HP C V5.6 and later include a backport library, a mechanism by which HP C running on older OpenVMS releases can gain access to newer RTL routines added to the RTL in later OpenVMS releases---the language RTLs ship with OpenVMS itself, and not with the compilers.

Example C code is available in SYS$EXAMPLES:, in DECW$EXAMPLES (when the DECwindows examples are installed), in TCPIP$SERVICES (or on older releases, UCX$EXAMPLES) when HP TCP/IP Services is installed), on the Freeware CD-ROMs, and at web sites such as

For additional information on the OpenVMS Ask The Wizard (ATW) area and for a pointer to the available ATW Wizard.zip archive, please see Section 3.8.

10.22.1 Other common C issues

The localtime() function and various other functions maintain the number of years since 1900 in the "struct tm" structure member tm_year. This field will contain a value of 100 in the year 2000, 101 for 2001, etc., and the yearly incrementation of this field is expected to continue.

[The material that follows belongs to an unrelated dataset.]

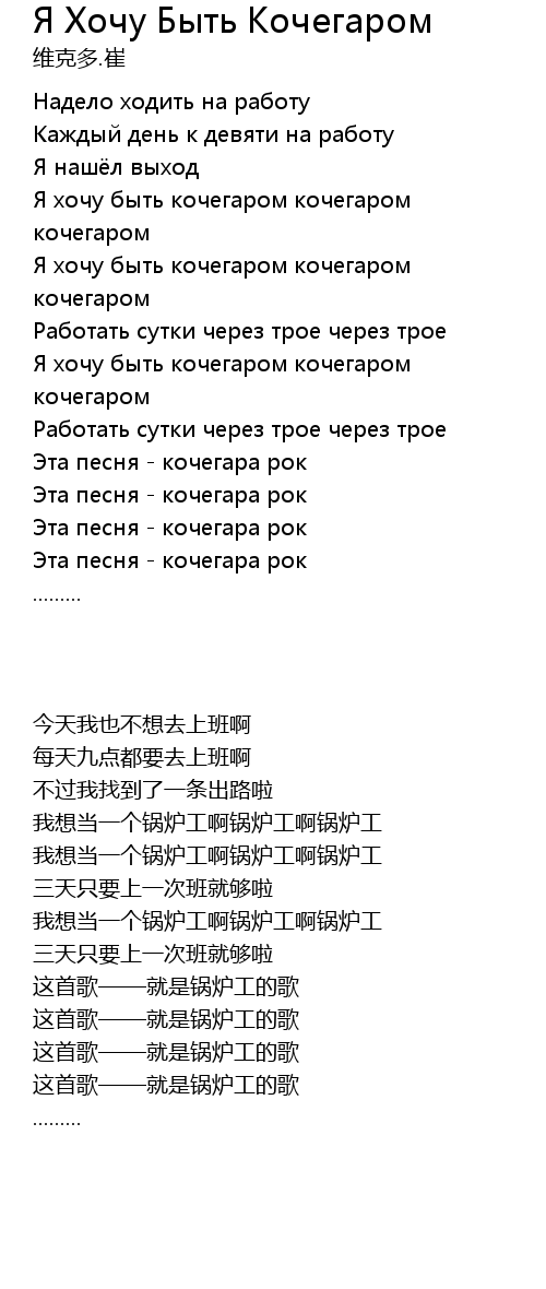 Я хочу быть кочегаром кочегаром кочегаром |

The C epoch typically uses a longword (known as time_t) to contain the number of seconds since midnight on 1-Jan-1970. At the current rate of consumption of seconds, this longword is expected to overflow (when interpreted as a signed longword) circa 03:14:07 on 19-Jan-2038 (GMT), as this time is circa 0x7FFFFFFF seconds since the C base date. (The most common solution is to ensure that time_t is an unsigned.)

If C does not correctly handle the display of the local system time, then check the UTC configuration on OpenVMS---the most common symptom of this is a skew of one hour (or whatever the local daylight saving time change might be). This skew can be caused by incorrect handling of the "is_dst" setting in the application program, or by an incorrect OpenVMS UTC configuration on the local system. (See section Section 4.4.)

Floating point is prohibited in OpenVMS Alpha inner-mode (privileged) code, and in any process or other execution context that does not have floating point enabled. C programmers developing and working with OpenVMS Alpha high-IPL kernel-mode code such as device drivers will want to become familiar with the floating point processing available in the environment, and with the C compiler qualifier /INSTRUCTION_SET=[NO]FLOATING_POINT. Device drivers and other similar kernel-mode C code must be compiled with /INSTRUCTION_SET=FLOATING_POINT and /EXTERN_MODEL=STRICT_REFDEF.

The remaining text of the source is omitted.